Using naturalistic driving data to examine how drivers share attention when engaging in secondary tasks

2020 
Abstract Naturalistic driving research shows that drivers spend vast amounts of time engaging in secondary, non-driving tasks. Laboratory and simulation studies have demonstrated that, when engaging in a secondary task, drivers adopt strategies to interrupt, delay and resume the secondary task in order to manage their workload and risk. However, there is very little knowledge of the time-sharing strategies that drivers adopt for interweaving their attention across multiple tasks in real-world driving. This study examined the nature of observable visual and/or manual secondary task interruptions in real-word driving using naturalistic driving data.

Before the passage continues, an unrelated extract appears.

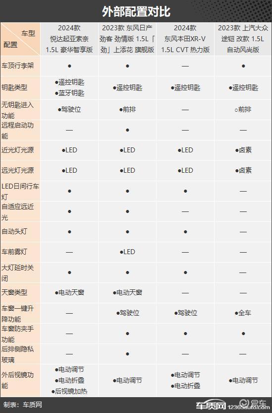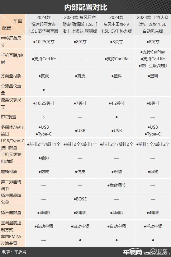 智能化配置方面,悦达起亚索奈和东风日产劲客的表现都非常出彩,像时下主流的OTA升级、车联网等配置均有装备,特别是悦达起亚索奈还支持双区域语音识别唤醒功能。而东风本田XR-V和上汽大众途铠在智能语音交互方面同样是缺失较多。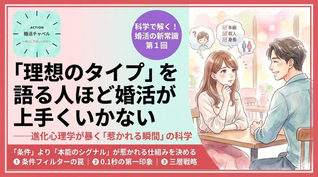 科学で解く!婚活の新常識 第1回変わった切り口 「理想のタイプ」を語る人ほど婚活が上手くいかない——進化心理学が暴く「惹かれる瞬間」の科学 公開日: 2026-04-13 / 対象: 婚活中の全世代 シリーズ「科学で解く!婚活の新常識」第1回:「理想のタイプ」... 婚活

Video of 186 randomly selected trips from the Australian Naturalistic Driving Study were viewed to identify a range of secondary tasks and whether, when and why drivers interrupted engagement in these secondary tasks. It was found that under everyday naturalistic driving conditions, drivers interrupt (or temporarily disengage from) only a small percentage (13.5%) of the secondary tasks engaged in, with 87 percent of these tasks interrupted to re-engage in the driving task. The number of interruptions made to secondary tasks was found to differ according to a number of task characteristics, including task duration and visual load, with tasks of longer duration and higher visual load more likely to be interrupted. The results have a range of practical implications, particularly for the design of in-vehicle devices that better support drivers to break down long tasks into a series of sub-tasks, so that they can more easily disengage when driving demands necessitate.